Second, the definition of “regular and established place of business” remains under-developed. If this provision is interpreted broadly, TC Heartland would minimally impact a plaintiff’s choice of venue. Judge Gilstrap of the Eastern District of Texas has generously interpreted the requirement, finding a “regular and established place of business” to exist even where a company lacked a physical building. Raytheon Co. v. Cray, Inc., 2017 U.S. Dist. LEXIS 100887, *32-37 (E.D. Tex. June 29, 2017) (considering additional factors, including defendant’s representations regarding its presence, benefits received, and targeted interactions with the district). In contrast, if this provision is interpreted strictly, plaintiffs may increasingly resort to litigating in the defendant’s state of incorporation. See, e.g., Logantree Lp v. Garmin Int’l, Inc., 2017 U.S. Dist. LEXIS 99925, *4-5 (W.D. Tex. June 22, 2017) (stating that authorization to do business in the state and distributors in the district did not amount to a “permanent and continuous presence which shows a regular and established place of business”).
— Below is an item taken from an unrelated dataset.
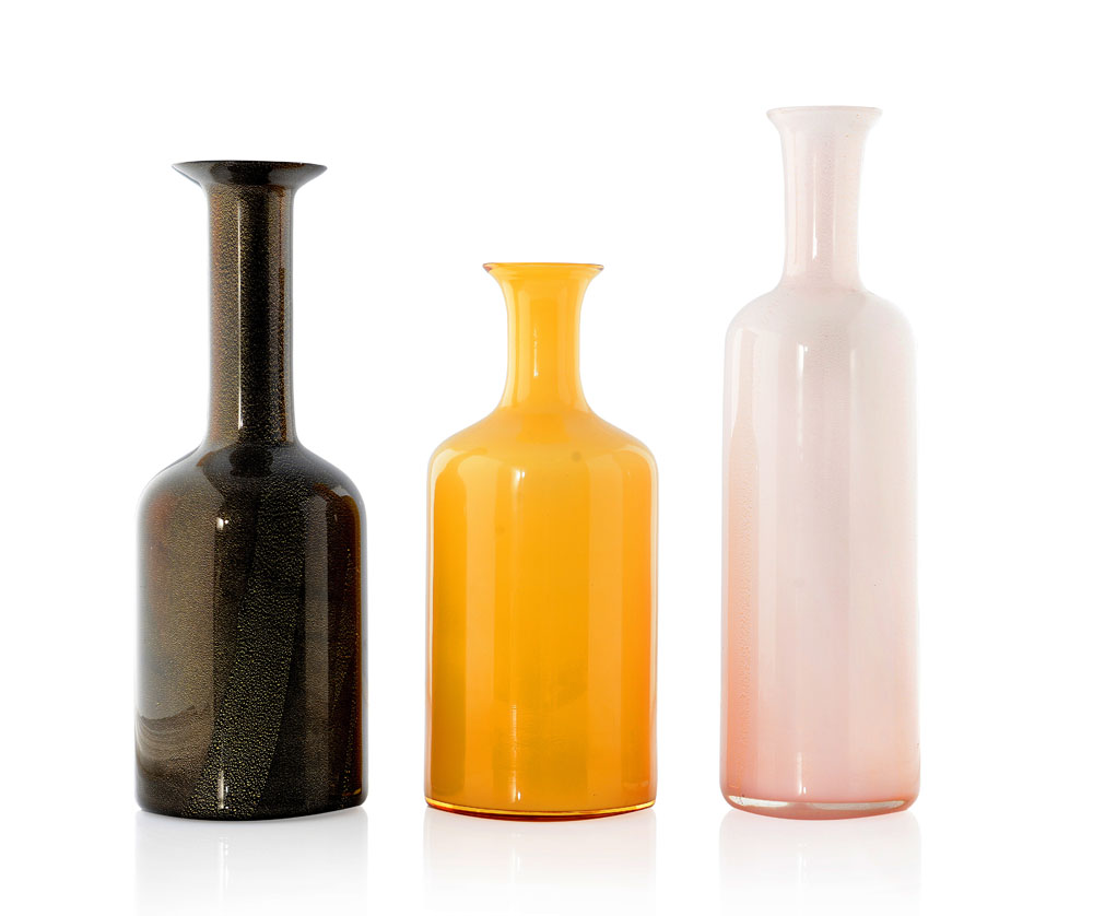 SALVIATI TRE BOTTIGLIE IN VETRO, MURANO, ANNI '70, di cui due in vetro...

Finally, TC Heartland may impact the identity of defendants. TC Heartland does not extend to foreign entities. 137 S. Ct. at 1520 n.2. Thus, foreign entities may still be sued in any judicial district. 28 U.S.C. § 1391(c). Accordingly, branded companies may attempt to file ANDA litigations against foreign parents instead of their U.S. subsidiaries.
As the ripples from TC Heartland continue to spread, ANDA petitioners should prepare for increased litigation over the interpretation of § 1400(b), further congestion in Delaware district courts, and possibly a shift in focus to foreign defendants.